俺は夜明けのコーヒーを楽しみながら、昨日の夜に聞きまわった結果をジョシーに伝えていた。

結局、この国に緊張感がないのは、実感がないからという一言に尽きた。

情報伝達が遅いということがここまで影響するとは思わなかった。

地球の紛争地帯では、すぐに避難民の大軍ができるんだけどな。

いや、違うか。

あっちも自国が巻き込まれない限り他国に移動しようなんてやつはそうそういない。

やはり対岸の火事という認識が近いんだろう。


『一般人ならともかく、裏家業の連中までそれだと程度が知れるね』

「そこは情報伝達の速度と制度の問題なんだろう。話を聞けば一応連合と魔族は拮抗しているって話は出ているからな。それが事実であれば慌てて移動する必要もなければ、殺気立つ必要もない。なにせ後方のこの国が危険にさらされるなんてのはないからな」

『……私たちが気にしすぎたって結論か』

「だな。俺たちも戦争に浸りすぎたってことだろう。どれだけ避難民が出てもそれでも地元に残っているやつは少なからずいるからな」


そう、凄惨な現代の戦場でも国を脱出せずにいつか平和が戻ると信じてじっと耐えている人々も確かにいる。
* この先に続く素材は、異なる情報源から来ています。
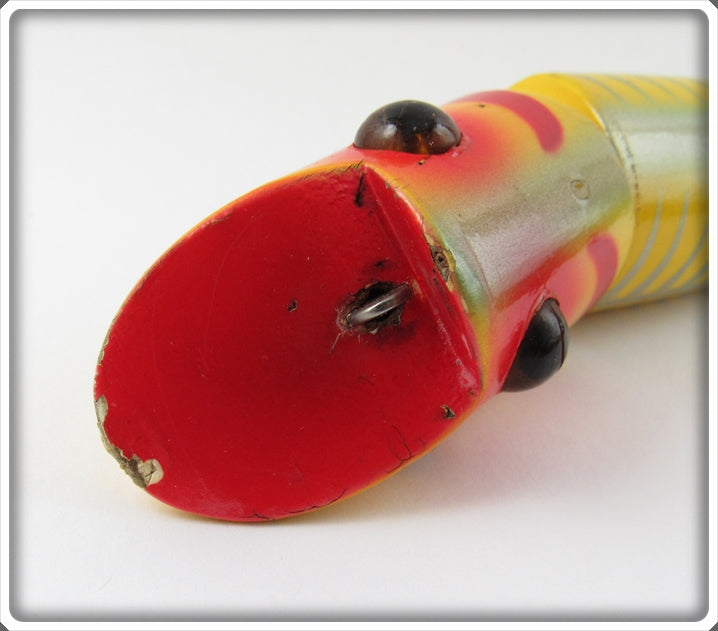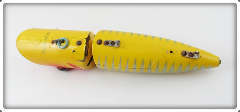 This is a nice old Heddon Yellow Shore Salmon King Zig Wag lure # 8369 XRY that was sold on Tough Lures! Vintage and antique fishing lures are added for sale often so keep checking back! I buy old lures so feel free to contact me if you have any to sell.

賢い選択とは思えないが、それだけ思いがあるという意味でもある。


「裏家業の連中だって同じだな。地球と違って基本的に一国で完結しているところが多いからな。そういう連中が連合の動きまで事細かに知っているわけもないだろう。噂程度には聞いているかもしれないが、それだけで今の拠点を捨てるのはきついしな」

『言われてみると確かにそうだな。ま、それだけ魔族って連中は足止めを食らっているんだろうな』

「だな。人数が足らないのか様子を見ているのかわからないけどな。何か作戦があるのかどうかも後方じゃなにも情報が集まらん」


結局、魔族と連合の戦争については、互角としか話がこない。

まあ、逃げてきている人々もいないからしっかり押さえられていると考えていいんだろうが、よくわからん。


『結局、ハブエクブ王国の出方次第って所か』

「国が動けばある程度話は早いだろうな。とはいえ、どうしても利益を狙うだろうからな」

『その分時間はかかるか』

「安売りされても俺たちが困るだけだからな。何より、ハブエクブの戦果にはならない。面白くはないだろうさ」

『普通、自国の戦力減らさず敵を減らせるなら喜ぶべきことだろうに』

「そこは勘違いだ。その常識が通用するのは現代の地球だ。こっちの常識は一番槍、戦果を挙げることが名を上げることでいいことだからな」

『あー、自分たちの力を示すってやつか?』

「そうそう。俺たちとしては死活問題なんだけどな」


こちらの中世レベルの軍事力の示し方は、現代地球と比べれば笑うしかないものだ。

基本が歩兵で戦うものだから仕方がないと言えばそうだが、見せるだけである程度対策は立てられてしまうから、それも問題なんだよなー。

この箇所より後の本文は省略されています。